#### Exercise directions
The expected output is an exact copy of the lines from the one containing "Στο πλαίσιο της" to the final line below, minus any pictures.

------------------------------------

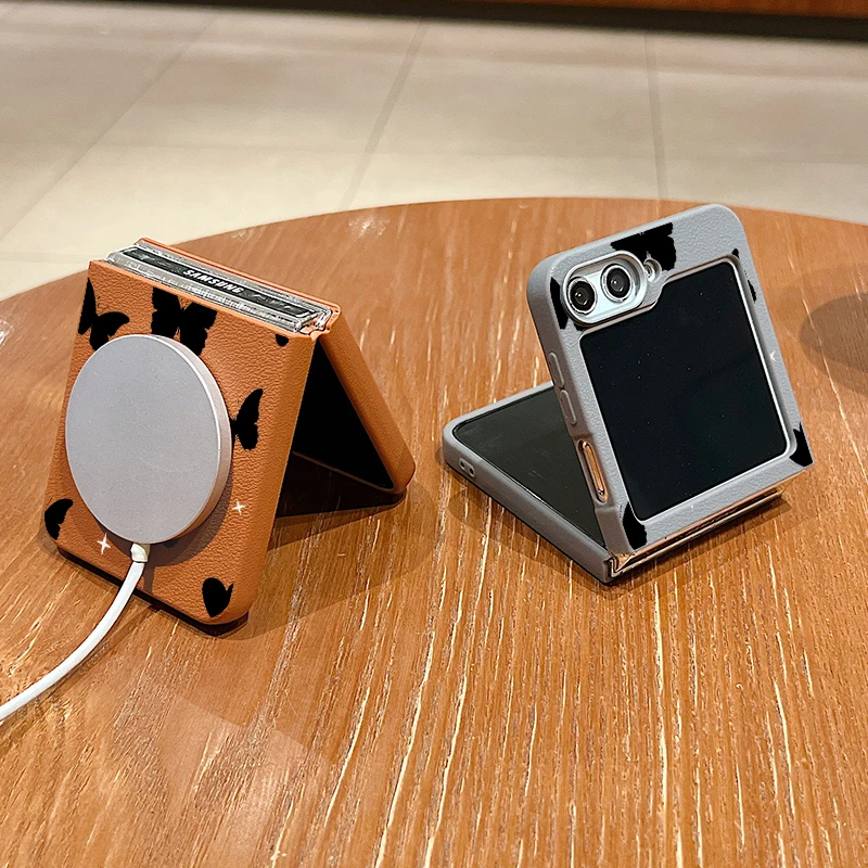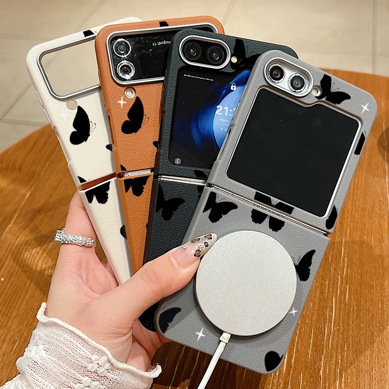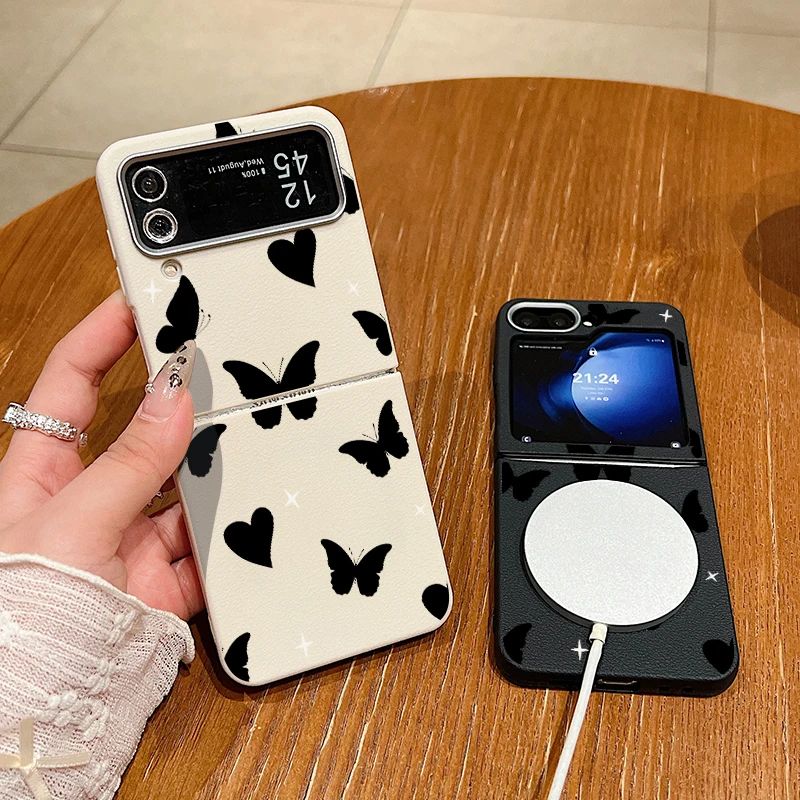 Black Love Butterfly Print Case For Samsung Galaxy Z Flip6 Flip5 Flip4 Flip3 Magnetic Magsafe Leather Texture Folding Cover - купить
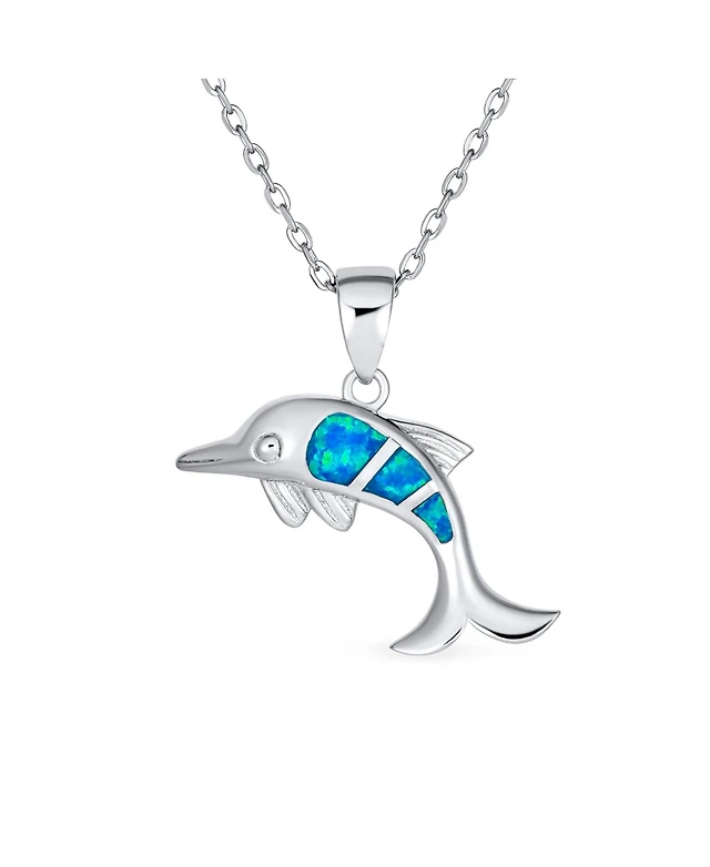Bling Jewelry Created Blue Opal Inlay Nautical Ocean Marine Hawaiian Vacation Sea Life Dolphin Dangling Pendant Necklace .925 Sterling Silver
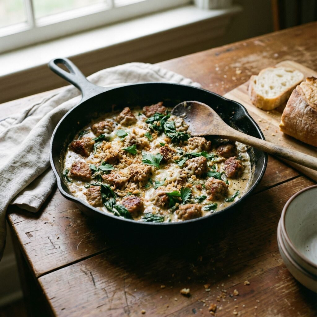 Creamy Sausage and Spinach Skillet – One-Pan Comfort Dinner
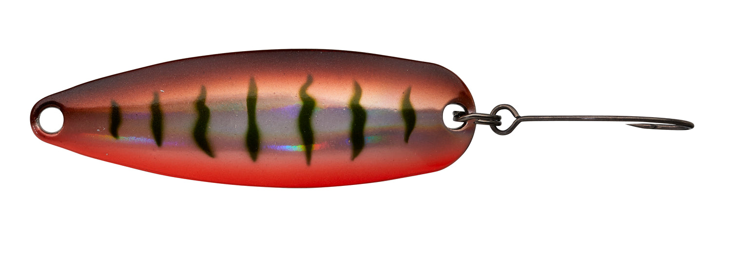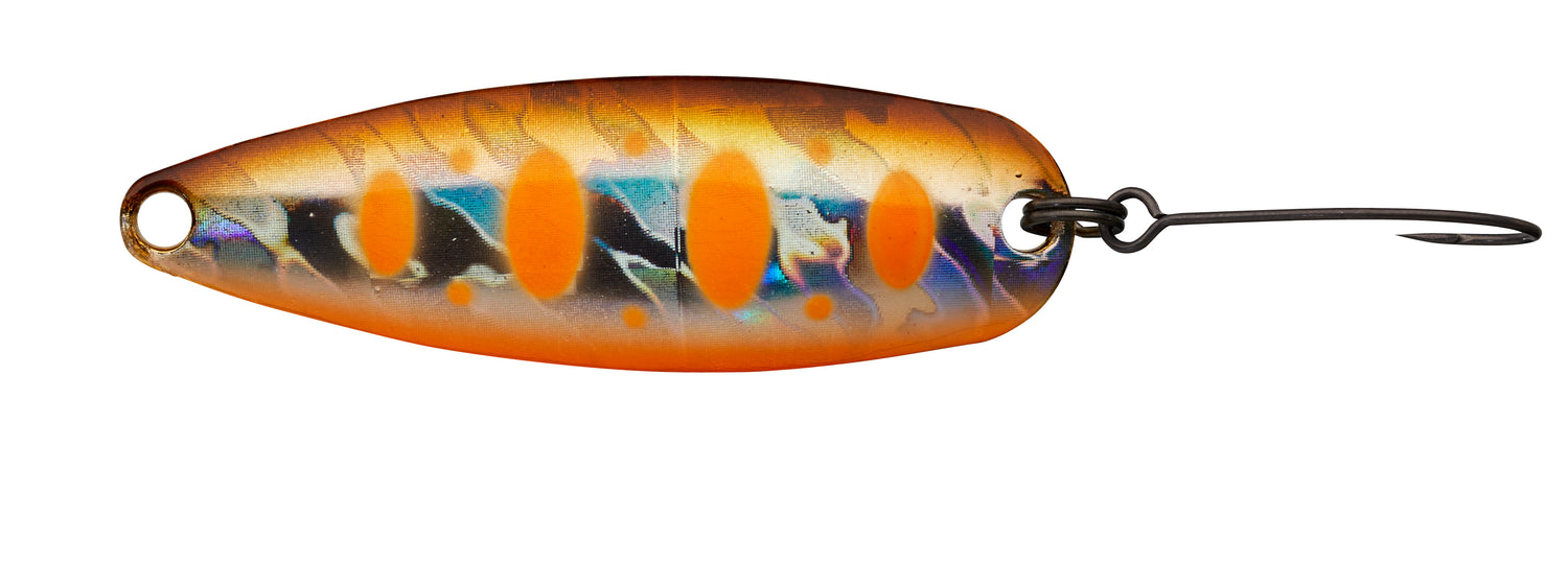La cuiller ondulante NATIVE SPOON se caractérise par une nage à large débattement et à forte amplitude. À la descente, elle oscille avec un rolling prononcé capable de provoquer à lui seul l’attaque d’une truite postée le long d’une berge ou sous un obstacle immergé, à condition de présenter le leurre au plus près de la structure.
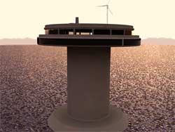 In essence, the seastead would consist of a reinforced concrete tube with external ballasts at the bottom that could be filled with air or water to raise or lower the living platform on top.
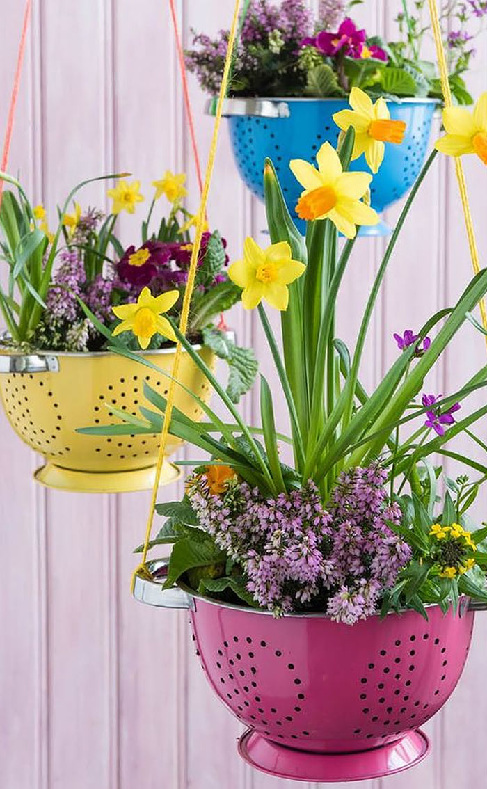 Παίρνεις το σουρωτήρι και το βάφεις σε ένα έντονο καλοκαιρινό χρώμα. Στις λαβές του περνάς τριχιές που ενώνονται σε ένα κρικάκι. Το κρικάκι το στερεώνεις από ένα γαντζάκι στην οροφή. Τοποθέτησε ένα πλαστικό για φυτά που συγκρατεί το νερό. Βάλε ένα φυτό με μικρό ριζικό σύστημα, όπως για παράδειγμα το «σκυλάκι» ή ζήτα κάτι αντίστοιχο. Έφτιαξες την πιο κουλ καλοκαιρινή γλάστρα που έχεις φανταστεί!
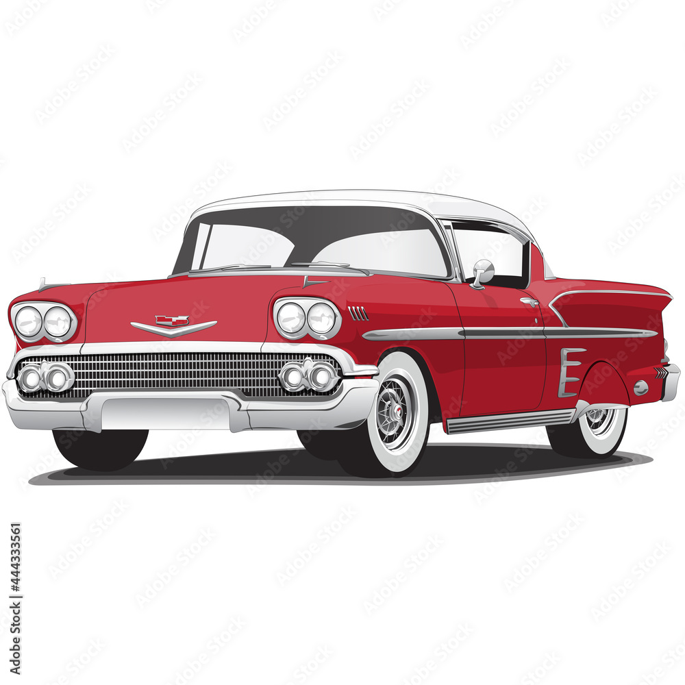 Fototapeta 1950's Red Vintage Classic Car Illustration
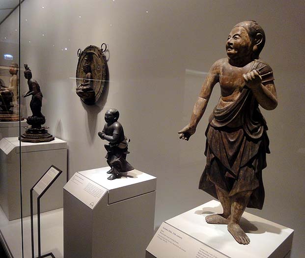 Even more so than archives & library work, conservation is an extremely specialized skill set, requiring extensive training. I never cease to be fascinated, truly fascinated and amazed at what these people do. Conservators work to protect artworks from deterioration and damage, often working to clean and repair them. However, these days, “repair” more often than not does not mean restoration – that is, repainting or otherwise restoring the appearance of the artwork – so much as it means simply structural repairs to protect the work from further damage. This can mean gluing a pot back together from shards, pasting a tear in a book, or cleaning an artwork so that biological or chemical accumulations cannot do further damage; whatever conservators do, they always make sure that their work is well-documented, and reversible, so that in the future, if and when better technologies or techniques are available, future conservators can do what they need to do more easily. Conservators also advise curators and the rest of the staff as to whether certain pieces are stable enough to be exhibited, and how to best show them (and for how long) to minimize the risk of damage. Light and moisture alone can be rather damaging to certain types of artworks – fading or discoloring pigments, and discoloring paper or silk – and so, certain types of artworks, especially Japanese woodblock prints, cannot be left up for too long.
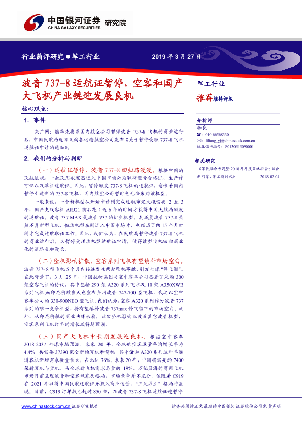【银河证券】【20190327】20190327-中国银河-军工行业简评研究:波音737-8适航证暂停,空客和国产大飞机产业链迎发展良机-5页
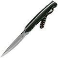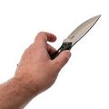 Рукоять сделана из G10, материала, который выделяется лёгкостью, высокой прочностью и устойчивостью к воздействию влаги и температур. Удлинённая форма рукояти подходит для разных типов хвата, а её большой объём даёт ощущение надёжности. Накладной монтаж обеспечивает дополнительную прочность конструкции.
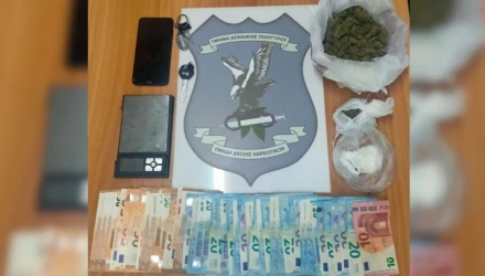 Στο πλαίσιο της έρευνας, συνελήφθη το μεσημέρι της Παρασκευής ένας 16χρονος Έλληνας ο οποίος, μαζί με έναν 17χρονο από την Αλβανία τα στοιχεία του οποίου έχουν ταυτοποιηθεί, έκρυβε στο οίκημα μία συσκευασία με κοκαΐνη βάρους 15,1 γραμμαρίων, δυο συσκευασίες με ακατέργαστη κάνναβη βάρους 77,5 γραμμαρίων και μία ηλεκτρονική ζυγαριά, τα οποία κατασχέθηκαν.
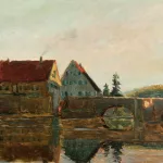 Fluss- und Dorflandschaft, Öl auf Holz, 30,5 cm x 60 cm Werkmaß, signiert, 1920 datiert, partiell retuschiert
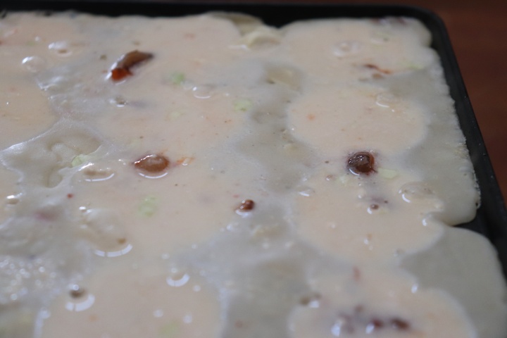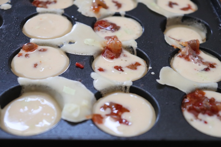 たこキムチを入れたら、もう一度生地をたっぷり流し入れる。
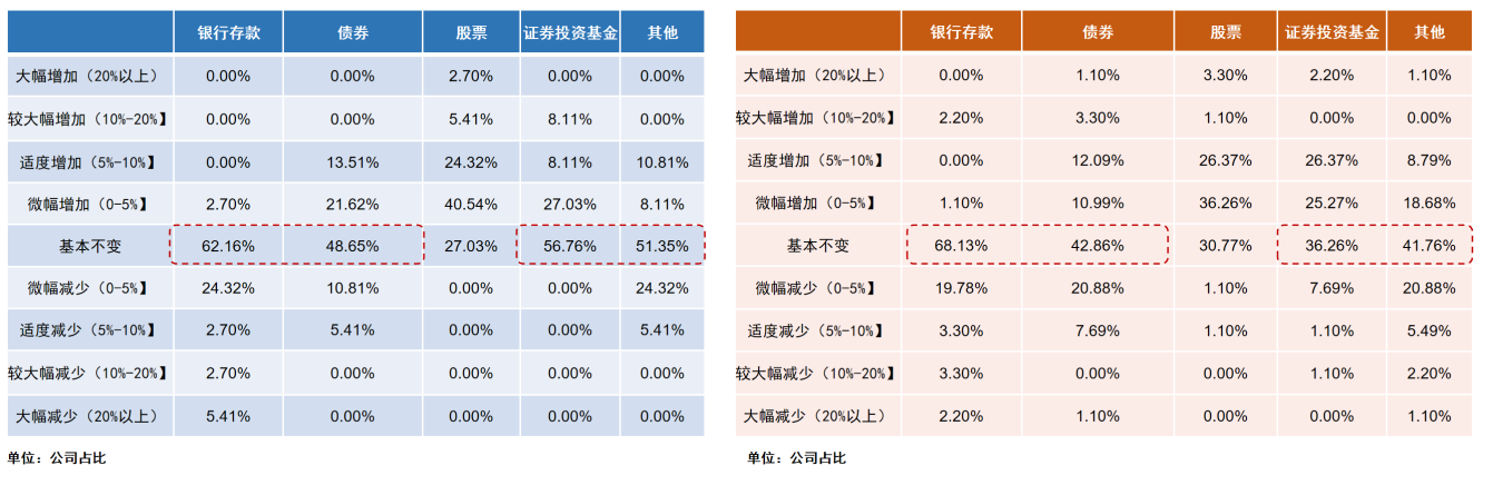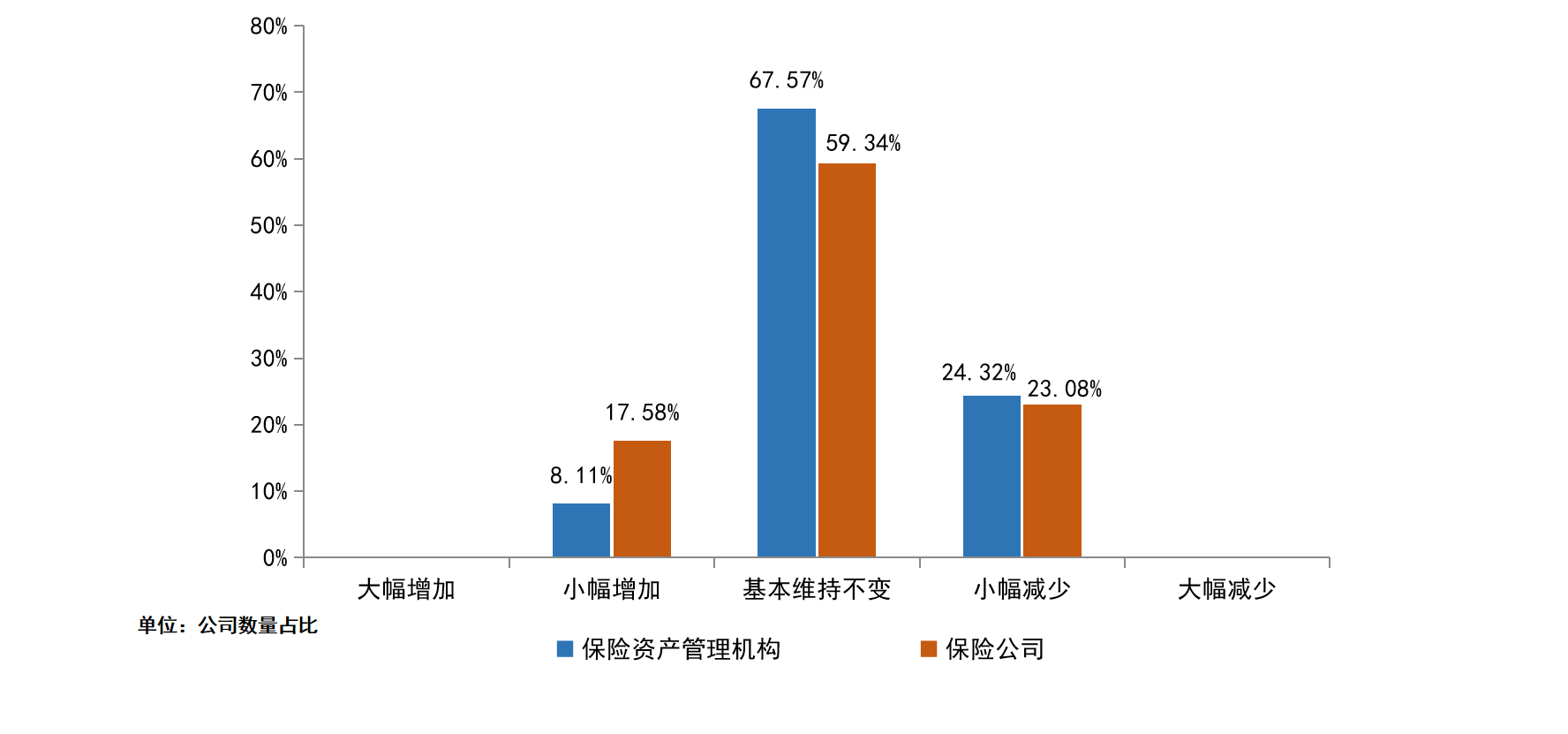 图1:保险资产管理机构和保险公司各类资产配置调整计划

------------------------------------

#### Written reply
 Στο πλαίσιο της έρευνας, συνελήφθη το μεσημέρι της Παρασκευής ένας 16χρονος Έλληνας ο οποίος, μαζί με έναν 17χρονο από την Αλβανία τα στοιχεία του οποίου έχουν ταυτοποιηθεί, έκρυβε στο οίκημα μία συσκευασία με κοκαΐνη βάρους 15,1 γραμμαρίων, δυο συσκευασίες με ακατέργαστη κάνναβη βάρους 77,5 γραμμαρίων και μία ηλεκτρονική ζυγαριά, τα οποία κατασχέθηκαν.
 Fluss- und Dorflandschaft, Öl auf Holz, 30,5 cm x 60 cm Werkmaß, signiert, 1920 datiert, partiell retuschiert
 たこキムチを入れたら、もう一度生地をたっぷり流し入れる。
 图1:保险资产管理机构和保险公司各类资产配置调整计划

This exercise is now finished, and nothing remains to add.